(Dataset records)
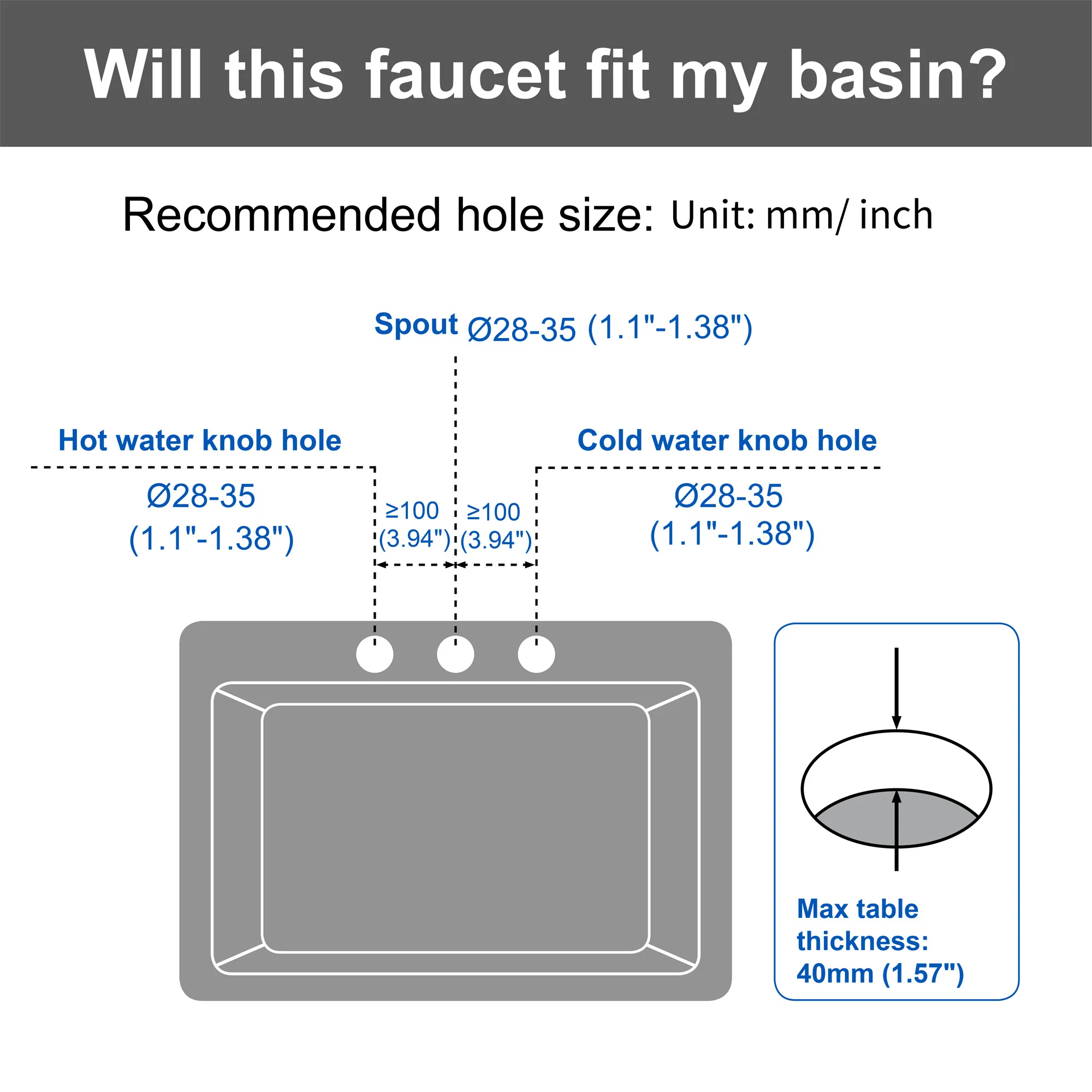 • We offer one year manufacturer warranty for our 3 holes bathroom faucet, if you have any questions or need any assist, don’t hesitate to contact us through email; By the way, we work from 8:30-11.30 PM(US TIME), 1:30-6:00 AM(US TIME), any asked questions, we can reply within 5 minutes.
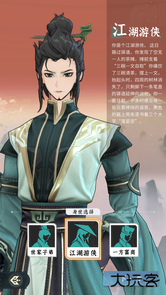你是个江湖游侠。 这日路过驿道,你发现了空无一人的茶摊,摊前支着“三碗一文自取”你痛饮了三碗清茶,摆上一文。抬起头时,四周的树林消失了,只剩脚下一条笔直的驿道延伸向远处。你一直往前,不多时便见得一处云雾缭绕的道宫,黑色的匾上用朱漆书着三个大字“落星宗”
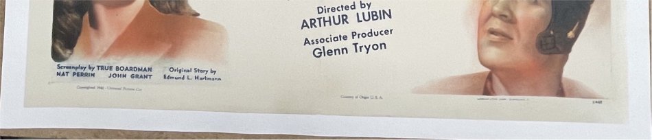As a collector of Abbott & Costello since 1980, I have ONLY seen the 1953 Re-release one sheets for this title, NEVER an original 1941 One Sheet. With Gorgeous vintage movie art of larger than life images of Bud and Lou and WWII fighter planes flying above, this is the ONE that has eluded Abbott & Costello collectors.
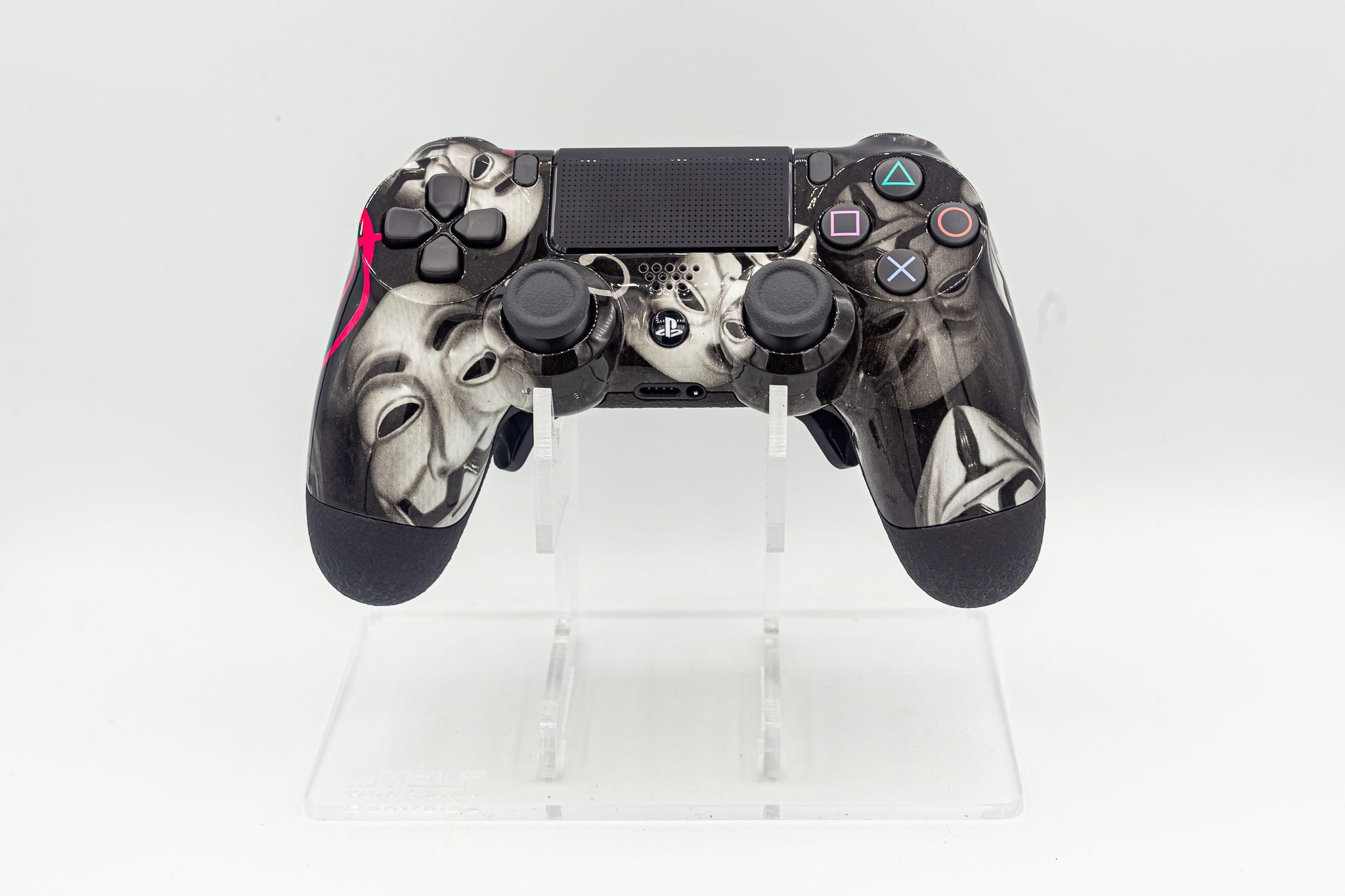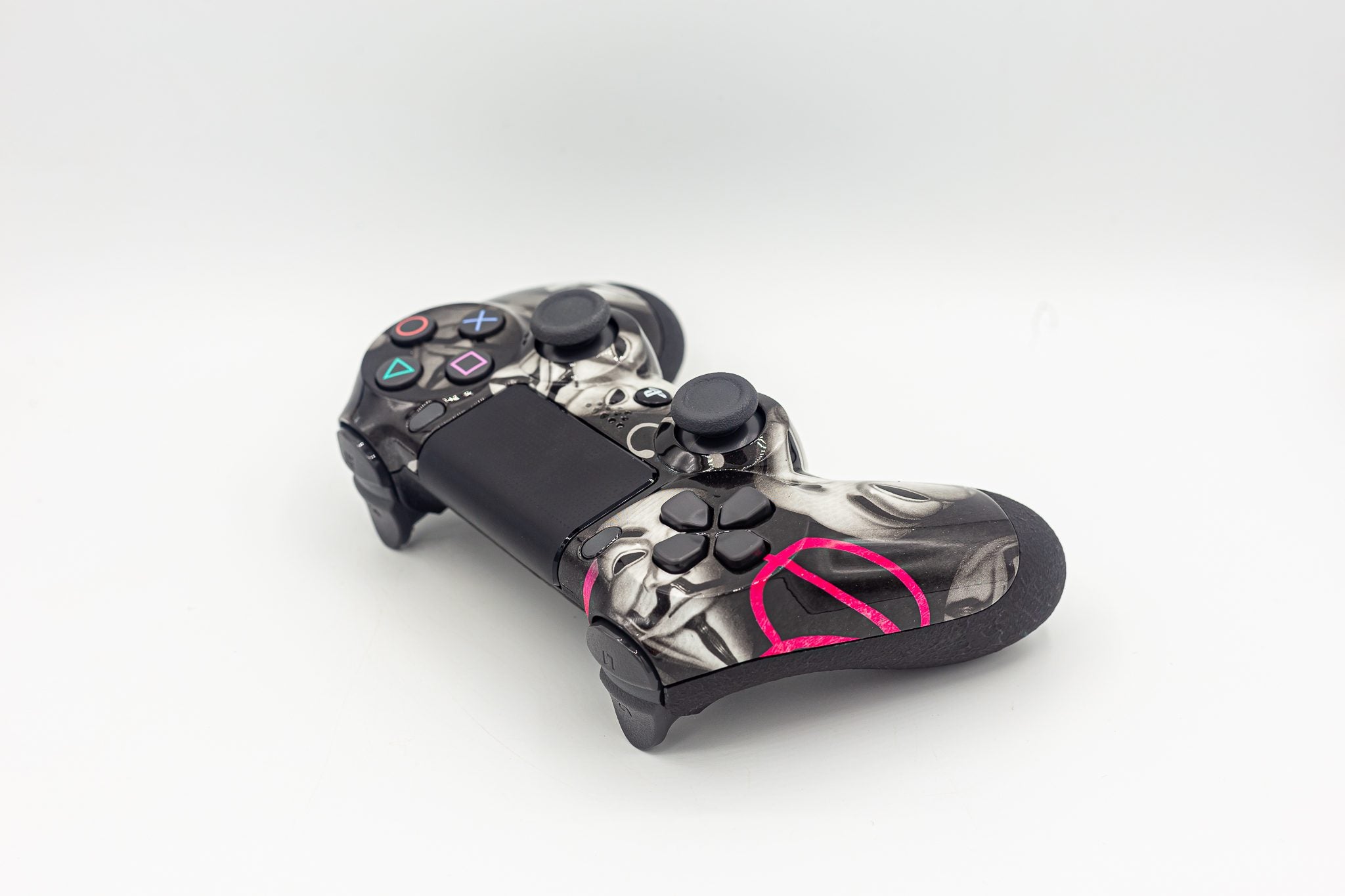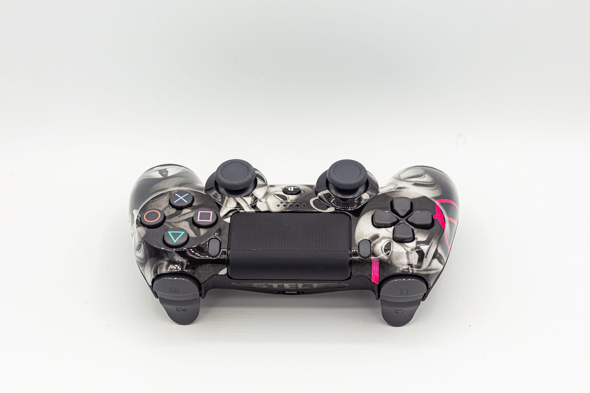 É importante ressaltar que todos os controles do PlayStation 4, incluindo aqueles que passam pelo processo de customização com pintura personalizada pela Stelf, são controles originais da Sony. A Stelf trabalha exclusivamente com controles genuínos e mantém a integridade das peças originais durante o processo de customização.   CONTROLE PRECISO: O toque, formato e a sensibilidade dos controles analógicos e botões com gatilho do DualShock 4 oferecem aos jogadores conforto e controle absolutos em todos os jogos para PlayStation 4. Os analógicos proporcionam movimentos suaves e precisos, permitindo uma jogabilidade mais imersiva e responsiva. Os botões com gatilho sensíveis à pressão oferecem uma experiência tátil diferenciada, permitindo um controle mais refinado em ações como atirar um arco e flecha ou acelerar um veículo.   COMPARTILHAMENTO EM SUAS MÃOS: O botão SHARE facilita o compartilhamento dos seus melhores momentos nos jogos. Com um simples toque do botão, é possível fazer upload de vídeos de gameplay e capturas de tela diretamente do seu sistema PlayStation 4. Além disso, você pode transmitir seu gameplay ao vivo para plataformas de streaming, compartilhando suas aventuras em tempo real com amigos e seguidores, tudo isso sem afetar o andamento do jogo.   RECURSOS INOVADORES: O controle do PlayStation 4 possui recursos revolucionários que elevam a experiência de jogo. O touchpad localizado no centro oferece uma superfície sensível ao toque, proporcionando novas formas de interação nos jogos. A barra de luz na parte frontal do controle fornece informações visuais adicionais durante o jogo, como indicadores de saúde do personagem ou mudanças de cor relacionadas aos eventos do jogo. Além disso, o controle possui um alto-falante integrado, que reproduz efeitos sonoros e áudio do jogo, aumentando a imersão sonora. Para aqueles que preferem jogar com mais privacidade, o controle também possui um conector de áudio de 3,5 mm, permitindo que você conecte seus fones de ouvido e desfrute de áudio pessoal durante o jogo.   RECARGA EFICIENTE: É fácil recarregar o controle sem fio DualShock 4. Basta conectá-lo ao seu console PlayStation 4, mesmo em modo de espera, através de um cabo micro USB.   CUSTOMIZAÇÃO: A customização com pintura personalizada pela Stelf permite que você tenha um toque único e estiloso ao seu controle do PlayStation 4. Com uma equipe de artistas talentosos, a Stelf oferece uma ampla gama de opções de design e estilos, desde padrões abstratos e gradientes de cores vibrantes até temas específicos de jogos, personagens ou logotipos personalizados.   A customização feita pela Stelf não compromete a funcionalidade original do controle. Todas as características do controle do PlayStation 4, como conectividade Bluetooth, resposta dos botões e sensibilidade dos analógicos, são preservadas durante o processo de customização.
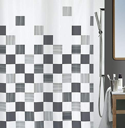 RIDDER Duschdraperi textil, 100% polyester, vit-grå-svart, 180 x 200 cm

▶ [Directions for this task] Reproduce every entry word for word, but omit the pictures.

▶ [Task answer]
 • We offer one year manufacturer warranty for our 3 holes bathroom faucet, if you have any questions or need any assist, don’t hesitate to contact us through email; By the way, we work from 8:30-11.30 PM(US TIME), 1:30-6:00 AM(US TIME), any asked questions, we can reply within 5 minutes.
你是个江湖游侠。 这日路过驿道,你发现了空无一人的茶摊,摊前支着“三碗一文自取”你痛饮了三碗清茶,摆上一文。抬起头时,四周的树林消失了,只剩脚下一条笔直的驿道延伸向远处。你一直往前,不多时便见得一处云雾缭绕的道宫,黑色的匾上用朱漆书着三个大字“落星宗”
As a collector of Abbott & Costello since 1980, I have ONLY seen the 1953 Re-release one sheets for this title, NEVER an original 1941 One Sheet. With Gorgeous vintage movie art of larger than life images of Bud and Lou and WWII fighter planes flying above, this is the ONE that has eluded Abbott & Costello collectors.
 É importante ressaltar que todos os controles do PlayStation 4, incluindo aqueles que passam pelo processo de customização com pintura personalizada pela Stelf, são controles originais da Sony. A Stelf trabalha exclusivamente com controles genuínos e mantém a integridade das peças originais durante o processo de customização.   CONTROLE PRECISO: O toque, formato e a sensibilidade dos controles analógicos e botões com gatilho do DualShock 4 oferecem aos jogadores conforto e controle absolutos em todos os jogos para PlayStation 4. Os analógicos proporcionam movimentos suaves e precisos, permitindo uma jogabilidade mais imersiva e responsiva. Os botões com gatilho sensíveis à pressão oferecem uma experiência tátil diferenciada, permitindo um controle mais refinado em ações como atirar um arco e flecha ou acelerar um veículo.   COMPARTILHAMENTO EM SUAS MÃOS: O botão SHARE facilita o compartilhamento dos seus melhores momentos nos jogos. Com um simples toque do botão, é possível fazer upload de vídeos de gameplay e capturas de tela diretamente do seu sistema PlayStation 4. Além disso, você pode transmitir seu gameplay ao vivo para plataformas de streaming, compartilhando suas aventuras em tempo real com amigos e seguidores, tudo isso sem afetar o andamento do jogo.   RECURSOS INOVADORES: O controle do PlayStation 4 possui recursos revolucionários que elevam a experiência de jogo. O touchpad localizado no centro oferece uma superfície sensível ao toque, proporcionando novas formas de interação nos jogos. A barra de luz na parte frontal do controle fornece informações visuais adicionais durante o jogo, como indicadores de saúde do personagem ou mudanças de cor relacionadas aos eventos do jogo. Além disso, o controle possui um alto-falante integrado, que reproduz efeitos sonoros e áudio do jogo, aumentando a imersão sonora. Para aqueles que preferem jogar com mais privacidade, o controle também possui um conector de áudio de 3,5 mm, permitindo que você conecte seus fones de ouvido e desfrute de áudio pessoal durante o jogo.   RECARGA EFICIENTE: É fácil recarregar o controle sem fio DualShock 4. Basta conectá-lo ao seu console PlayStation 4, mesmo em modo de espera, através de um cabo micro USB.   CUSTOMIZAÇÃO: A customização com pintura personalizada pela Stelf permite que você tenha um toque único e estiloso ao seu controle do PlayStation 4. Com uma equipe de artistas talentosos, a Stelf oferece uma ampla gama de opções de design e estilos, desde padrões abstratos e gradientes de cores vibrantes até temas específicos de jogos, personagens ou logotipos personalizados.   A customização feita pela Stelf não compromete a funcionalidade original do controle. Todas as características do controle do PlayStation 4, como conectividade Bluetooth, resposta dos botões e sensibilidade dos analógicos, são preservadas durante o processo de customização.
 RIDDER Duschdraperi textil, 100% polyester, vit-grå-svart, 180 x 200 cm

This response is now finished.